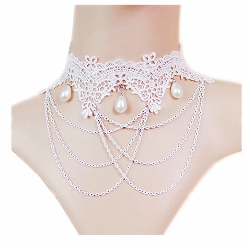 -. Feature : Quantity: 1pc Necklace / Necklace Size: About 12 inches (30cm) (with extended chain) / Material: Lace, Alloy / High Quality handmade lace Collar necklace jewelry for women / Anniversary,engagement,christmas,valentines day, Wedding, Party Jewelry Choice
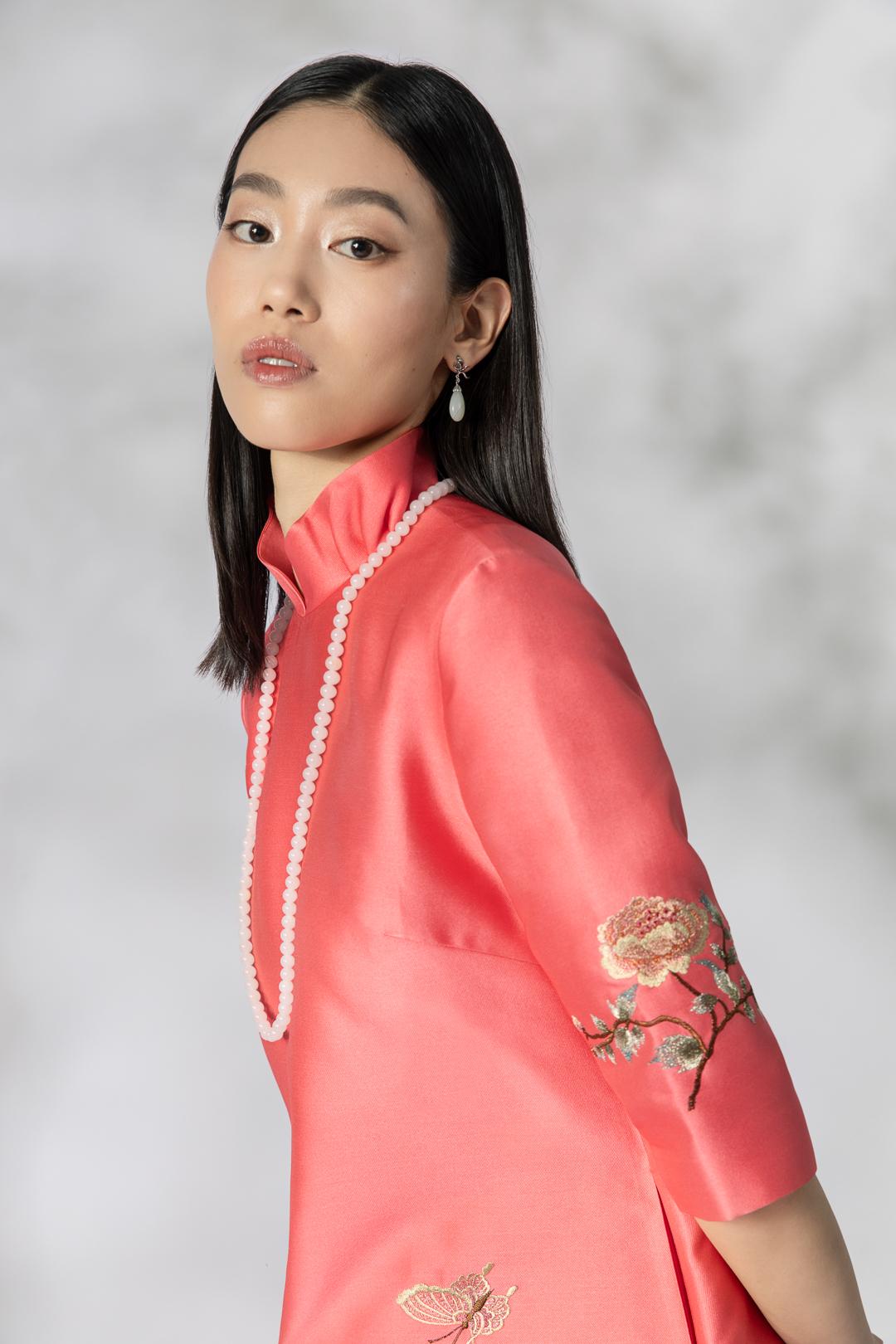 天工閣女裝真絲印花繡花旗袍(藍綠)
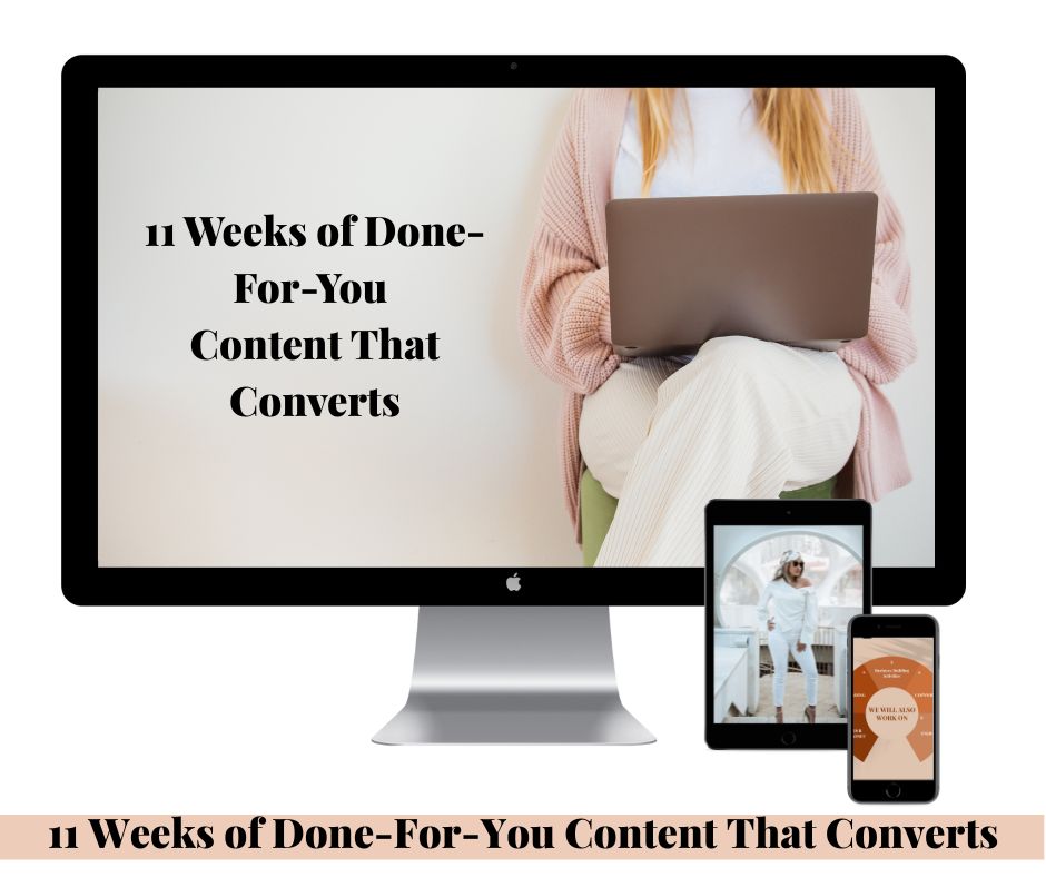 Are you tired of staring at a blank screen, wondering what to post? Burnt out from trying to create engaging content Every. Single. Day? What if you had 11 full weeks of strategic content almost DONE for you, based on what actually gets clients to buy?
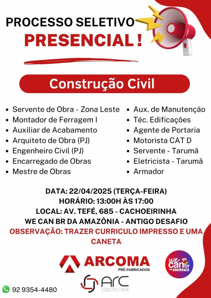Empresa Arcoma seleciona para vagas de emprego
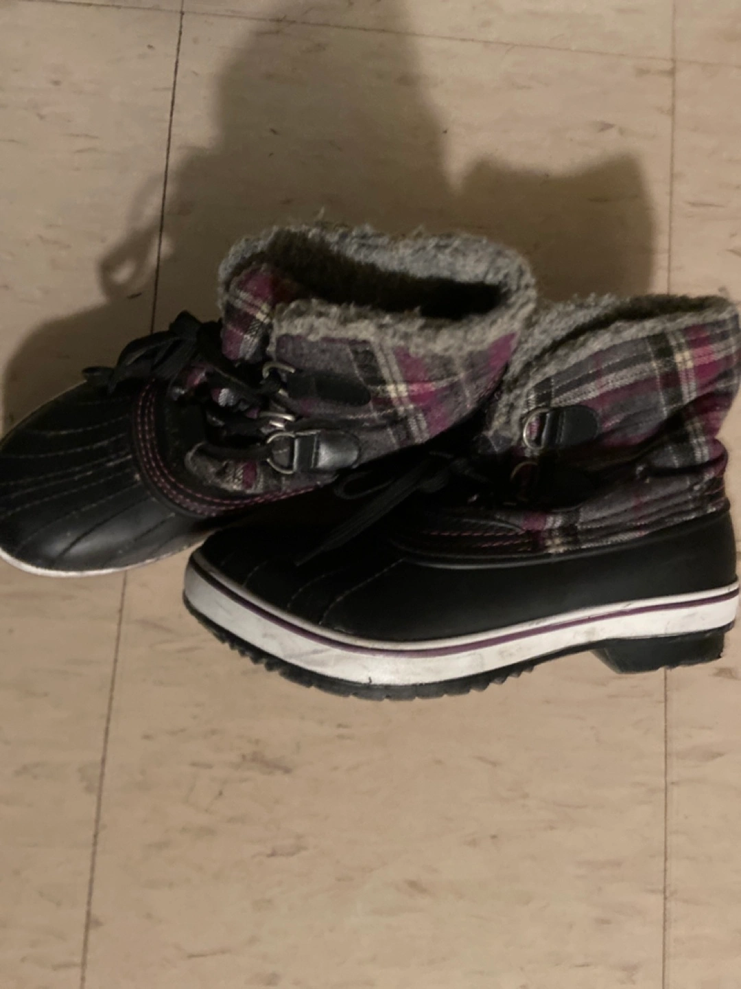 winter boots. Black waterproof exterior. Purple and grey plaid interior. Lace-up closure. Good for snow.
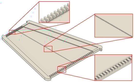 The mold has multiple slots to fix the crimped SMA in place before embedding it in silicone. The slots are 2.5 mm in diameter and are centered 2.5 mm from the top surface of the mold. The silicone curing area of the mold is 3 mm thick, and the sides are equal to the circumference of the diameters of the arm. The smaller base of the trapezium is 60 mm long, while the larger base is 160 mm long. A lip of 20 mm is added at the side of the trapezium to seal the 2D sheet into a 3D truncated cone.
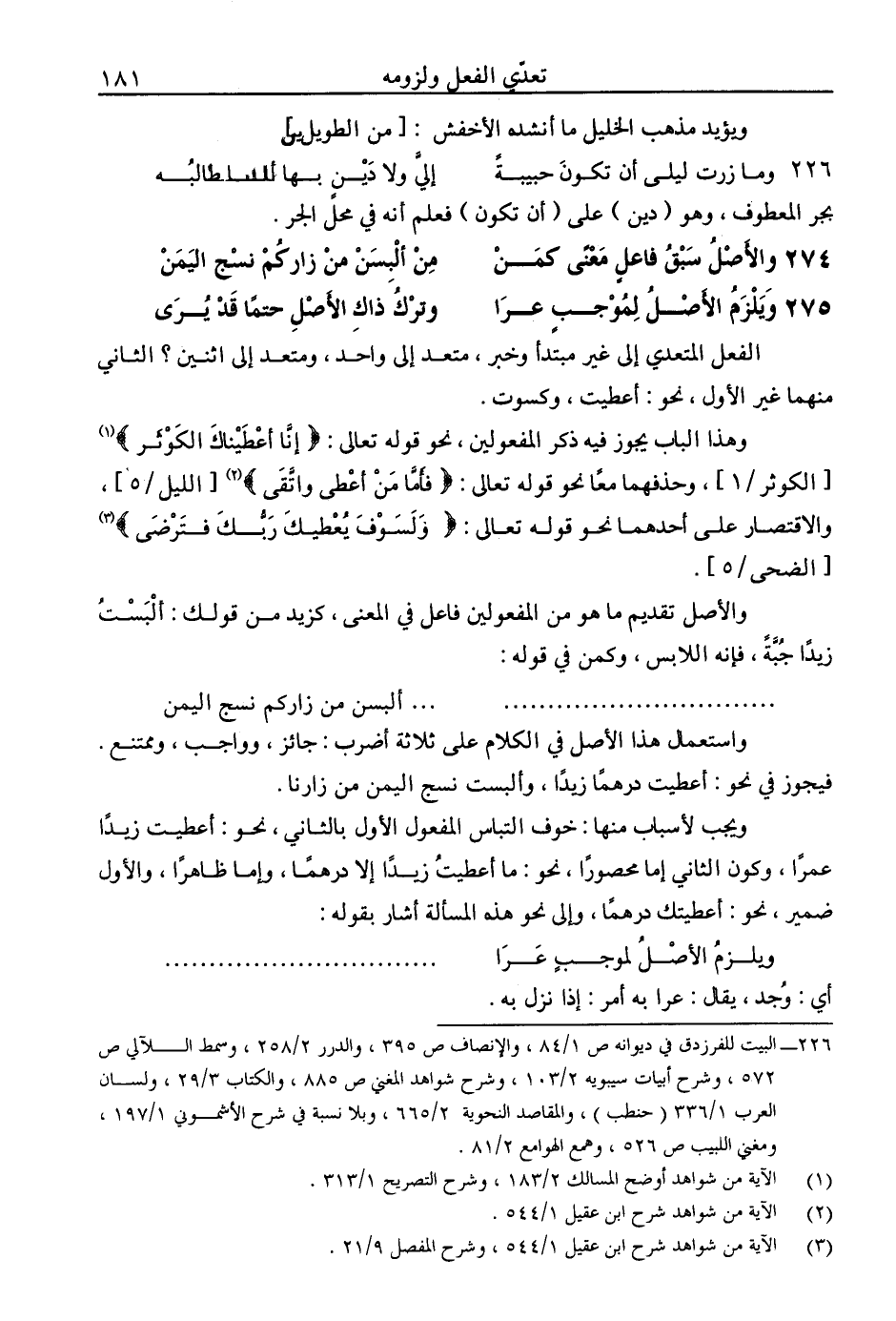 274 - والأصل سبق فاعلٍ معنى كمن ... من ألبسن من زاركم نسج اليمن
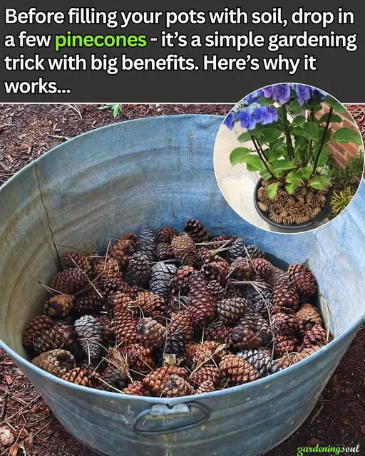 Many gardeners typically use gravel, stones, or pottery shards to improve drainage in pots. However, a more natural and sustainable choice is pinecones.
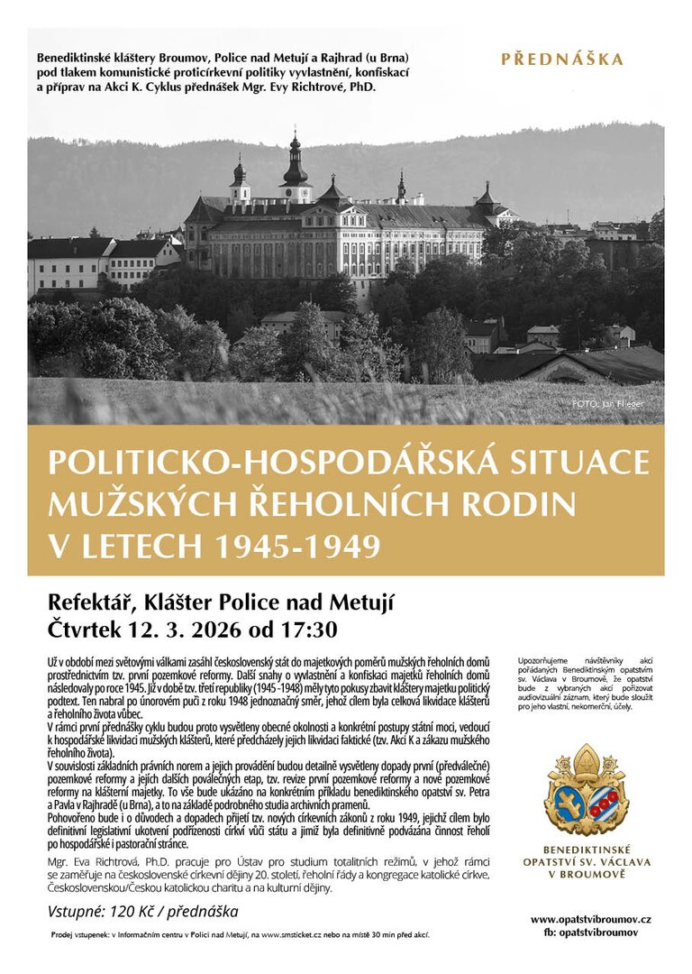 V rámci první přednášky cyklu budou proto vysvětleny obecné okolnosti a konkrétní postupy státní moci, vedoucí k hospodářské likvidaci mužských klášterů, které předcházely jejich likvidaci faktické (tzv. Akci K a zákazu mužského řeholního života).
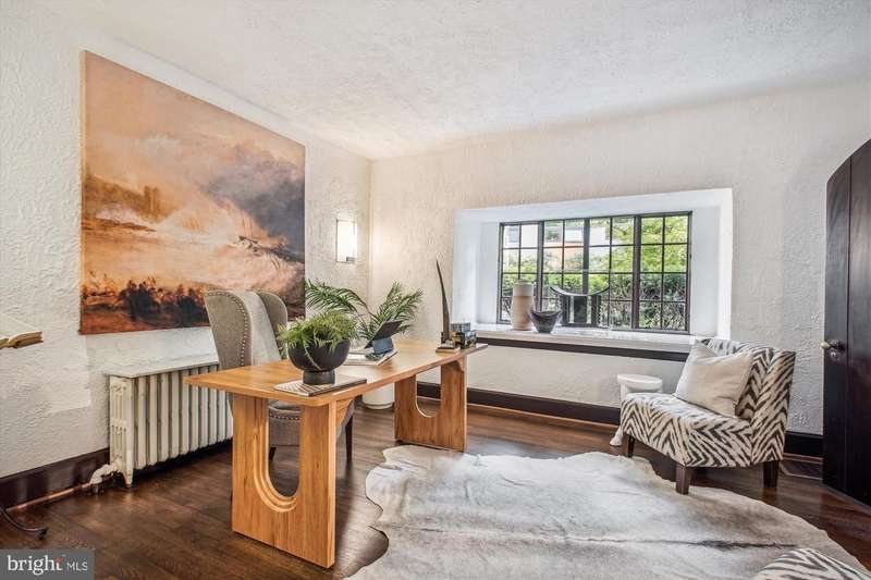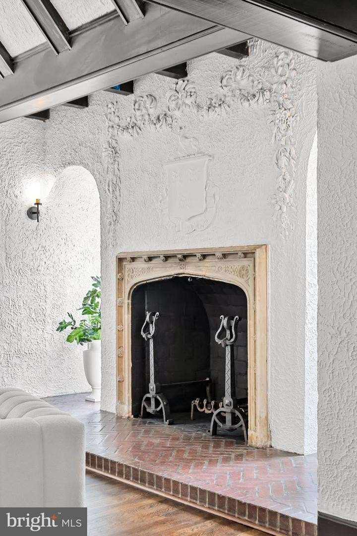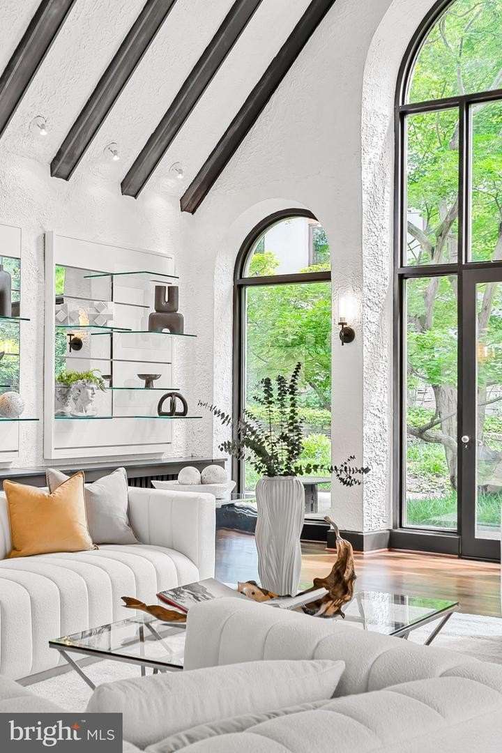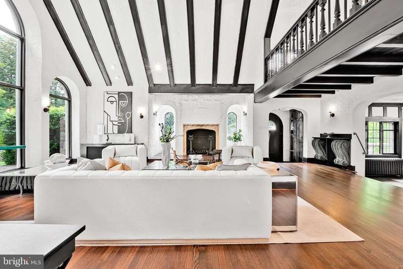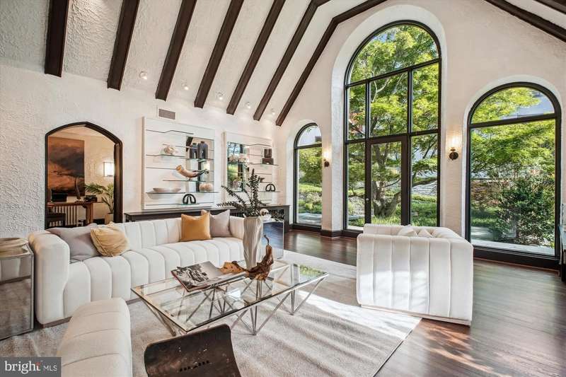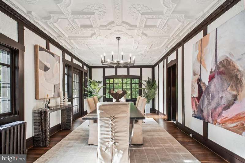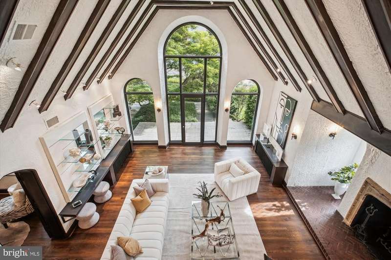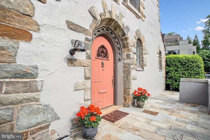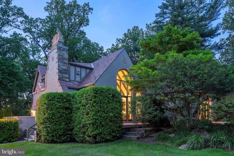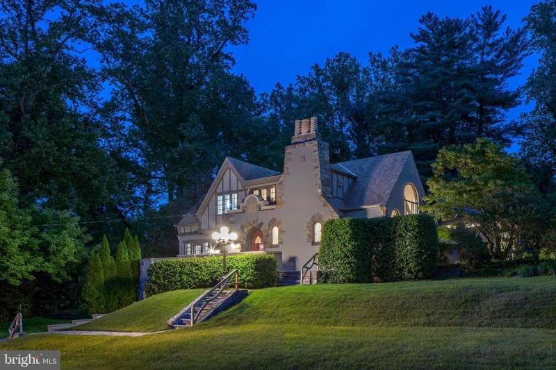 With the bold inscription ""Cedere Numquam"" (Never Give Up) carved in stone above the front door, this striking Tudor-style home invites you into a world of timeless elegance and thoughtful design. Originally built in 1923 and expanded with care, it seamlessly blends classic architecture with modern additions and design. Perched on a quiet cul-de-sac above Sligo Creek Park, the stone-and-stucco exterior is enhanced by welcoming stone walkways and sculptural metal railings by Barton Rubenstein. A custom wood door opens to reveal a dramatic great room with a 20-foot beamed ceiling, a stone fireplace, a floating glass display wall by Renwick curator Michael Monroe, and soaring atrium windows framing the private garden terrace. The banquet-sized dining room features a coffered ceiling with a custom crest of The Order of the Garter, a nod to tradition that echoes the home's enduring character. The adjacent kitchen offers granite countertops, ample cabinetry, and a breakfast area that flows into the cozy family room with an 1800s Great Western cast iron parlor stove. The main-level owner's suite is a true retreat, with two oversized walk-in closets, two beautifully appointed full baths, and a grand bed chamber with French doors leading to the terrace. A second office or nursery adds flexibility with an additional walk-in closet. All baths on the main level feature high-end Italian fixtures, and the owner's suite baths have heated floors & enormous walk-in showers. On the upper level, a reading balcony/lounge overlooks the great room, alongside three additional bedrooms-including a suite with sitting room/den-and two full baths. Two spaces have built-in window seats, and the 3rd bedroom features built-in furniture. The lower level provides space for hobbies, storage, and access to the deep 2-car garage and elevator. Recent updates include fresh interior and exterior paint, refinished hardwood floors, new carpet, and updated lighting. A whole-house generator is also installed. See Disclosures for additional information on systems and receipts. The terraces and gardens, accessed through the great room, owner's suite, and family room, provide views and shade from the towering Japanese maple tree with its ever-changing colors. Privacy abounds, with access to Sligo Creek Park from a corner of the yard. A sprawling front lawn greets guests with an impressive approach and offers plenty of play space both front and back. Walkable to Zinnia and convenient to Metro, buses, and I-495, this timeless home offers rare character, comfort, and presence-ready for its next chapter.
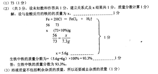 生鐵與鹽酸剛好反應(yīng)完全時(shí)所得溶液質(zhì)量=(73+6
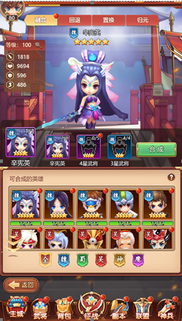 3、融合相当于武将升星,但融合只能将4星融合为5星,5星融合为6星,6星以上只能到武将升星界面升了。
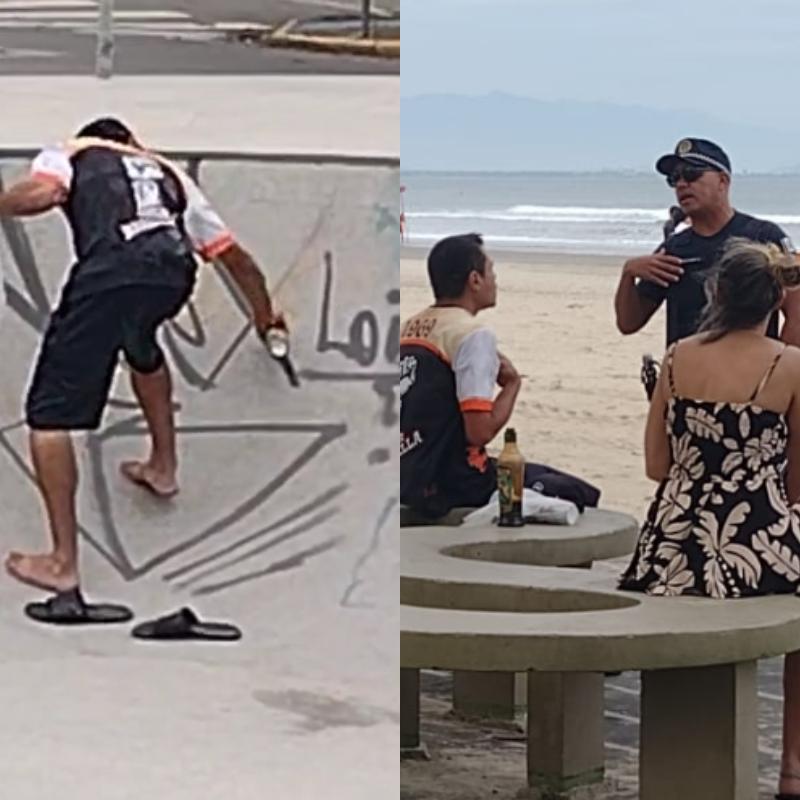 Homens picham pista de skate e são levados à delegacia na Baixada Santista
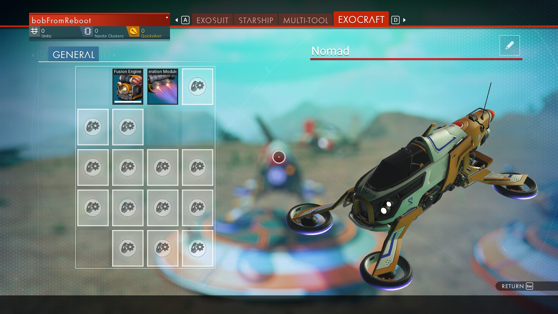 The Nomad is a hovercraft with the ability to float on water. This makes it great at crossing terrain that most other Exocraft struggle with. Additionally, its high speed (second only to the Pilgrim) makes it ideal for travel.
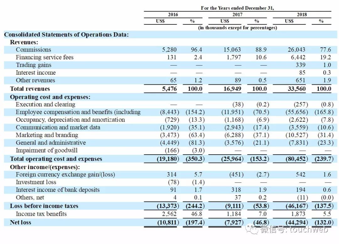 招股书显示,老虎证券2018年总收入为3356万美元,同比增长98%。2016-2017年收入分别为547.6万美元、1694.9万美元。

****

• [REQUIRED ACTION]:
Find the line that has "3、融合相当于武将升星,但融" in the listing, then retype it and each later line up to the last, exactly. Leave pictures out.

• [THE COMPLETED TASK]:
 3、融合相当于武将升星,但融合只能将4星融合为5星,5星融合为6星,6星以上只能到武将升星界面升了。
 Homens picham pista de skate e são levados à delegacia na Baixada Santista
 The Nomad is a hovercraft with the ability to float on water. This makes it great at crossing terrain that most other Exocraft struggle with. Additionally, its high speed (second only to the Pilgrim) makes it ideal for travel.
 招股书显示,老虎证券2018年总收入为3356万美元,同比增长98%。2016-2017年收入分别为547.6万美元、1694.9万美元。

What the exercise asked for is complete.